When you think of the gazillions of machines Deere produces/sells, there are gonna be a couple of klinkers once in a while. I design industiral equipment and as quality and safety oriented as we are, occassionally something gets made that should have been done differently.


----------



## KevinJD325 (Sep 21, 2003)

You guys are right. Hey, at least they are making the recalls. How may companies try to avoid the cost of recalls till they are threatened by a major consumer organization, or goverment, law suit. 

Lets face it though, like the air filters they recently sent out to many owners, it's cheaper to send out hundreds of filters than to have hundreds of mechanics in the field wasting thousands of hours troubleshooting a simple problem under warranty coverage paid for by Deere.
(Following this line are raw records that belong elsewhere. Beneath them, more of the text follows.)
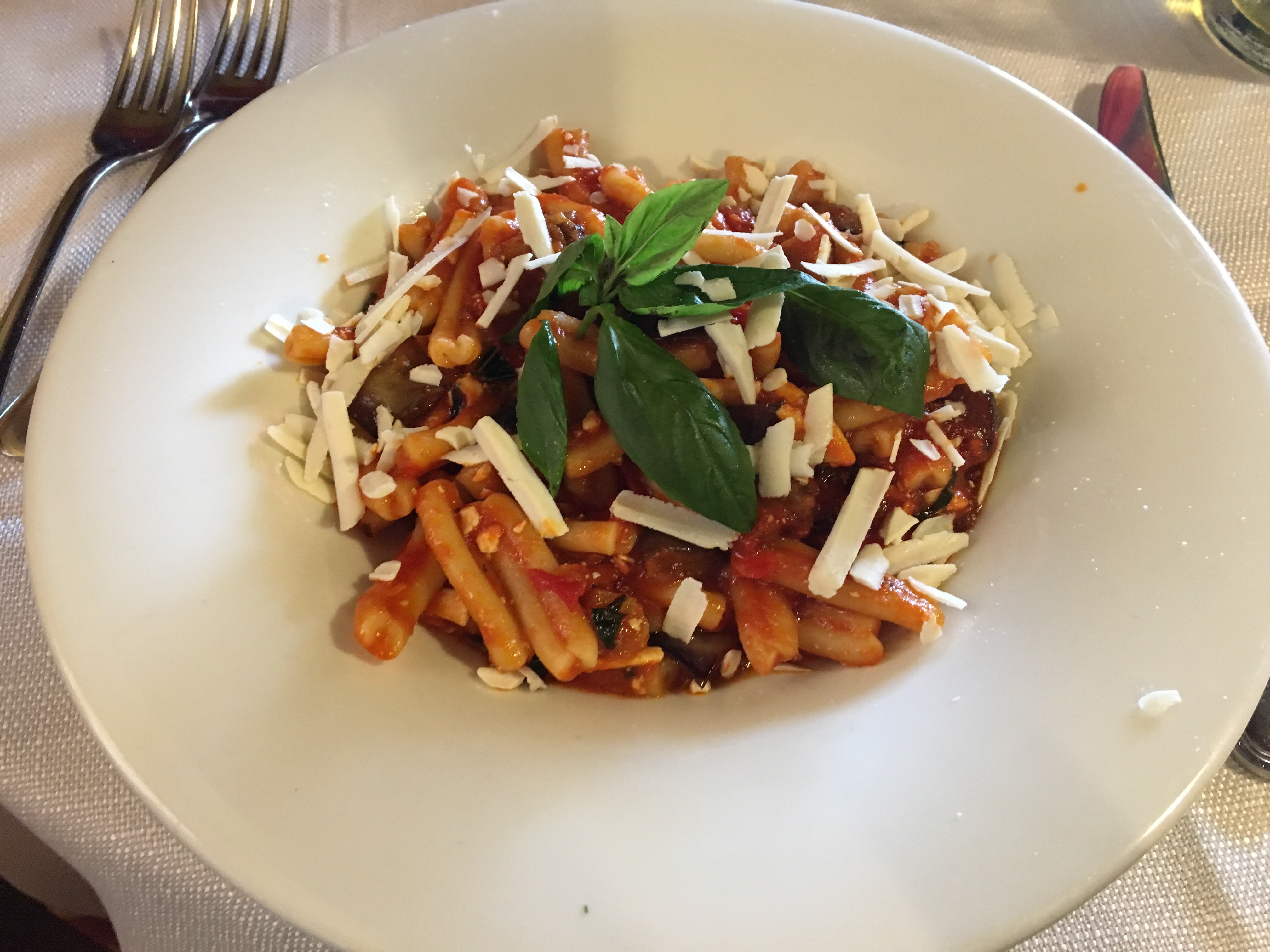 Gustosa e leggera …. quindi c’è ancora spazio per assaggiare i primi …. una classica pasta alla Norma …..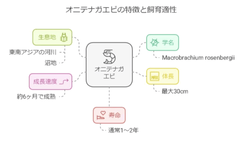 オニテナガエビは環境変化に敏感なため、安定した水質管理が重要です。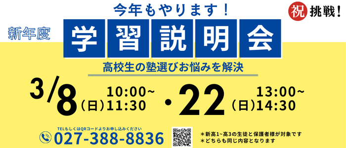 県立高校入試が実施される間の、家庭学習期間、これはライバルと差をつけるチャンスです! 高2・高3になる直前のみ…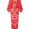 Original Batwing Sleeves Long Sleeves Contrast Color Printed Pleated V-Neck Midi Dresses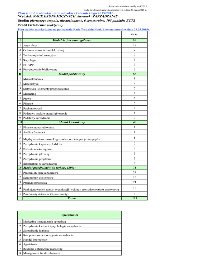 Załącznik nr 4 do uchwały nr 4/2015 Rady Wydziału Nauk Ekonomicznych z dnia 29 maja 2015 r. Plan studiów obowiązujący od roku akademickiego 2015/2016 Wydział: NAUK EKONOMICZNYCH, kierunek: ZARZĄDZANIE Studia: pierwszego stopnia, niestacjonarne, 6 semestralne, 195 punktów ECTS Profil kształcenia: praktyczny Plan studów zatwierdzono na posiedzeniu Rady Wydziału Nauk Ekonomicznych w dniu 29.05.2015r. ECTS Moduł ksztalcenia ogólnego I 26 1 Język obcy 12 2 Ochrona własności intelektualnej 2 3 Technologia informacyjna 7 4 Socjologia 5 5 BHPiPP 0 6 Przygotowanie biblioteczne 0 Moduł podstawowy II 55 1 Mikroekonomia 8 2 Matematyka 4 3 Statystyka i elementy prognozowania 5 4 Marketing 7 5 Prawo 6 6 Finanse 5 7 Rachunkowość 7 8 Podstawy nauki o przedsiębiorstwie 6 9 Podstawy zarządzania III Moduł kierunkowy 7 40 1 Finanse przedsiębiorstwa 6 2 Analiza finanowa 6 3 5 Międzynarodowe stosunki gospodarcze i integracja europejska 4 Zarządzanie kapitałem ludzkim 7 5 Badania marketingowe 4 6 Zarządzanie jakością 3 7 Zarządzanie projektami 3 8 Informatyka w zarządzaniu IV Moduł przedmiotów do wyboru (30%) 6 74 1 Przedmioty specjalnościowe 24 2 Seminarium dyplomowe 10 3 Praktyki zawodowe 21 4 10 Funkcjonowanie i rozwój organizacji (wykłady prowadzone przez praktyków) 5 Przedmioty obieralne (3 przedmioty) Razem Specjalności 1 Marketing i zarządzanie sprzedażą 2 Zarządzanie kadrami i psychologia zarządzania 3 Zarządzanie logistką 4 Komputerowe wspomagania zarządzania 5 Handel internetowy 6 Agrobiznes 7 Reklama i efektywny marketing 8 Management for development 9 195

More power to them for getting the job done.

Kevin


----------



## Michael (Sep 16, 2003)

I am glad that John Deere company cares about the consumer and that they are doing right by them. There is also a unpublished quiet recall on the L-118LE lawn tractors on the front axle spindles, there seems to be a metal fatique issue with these. Sometimes I guess the bean counters or someone makes a mistake. A few years ago at the company I work for we had a batch of defective fasteners and we were taking stuff apart and replacing a bunch of fasteners (Vender supplied). It was never published and we caught all of the defective fasteners and they were replaced (I'm a aircraft machinist) The safety of the flying public is most important and the fact we did it and reported everything to the FAA is what matters and we also proved all the fasteners were replaced (Failure rate of the defective fasteners was 5%)


----------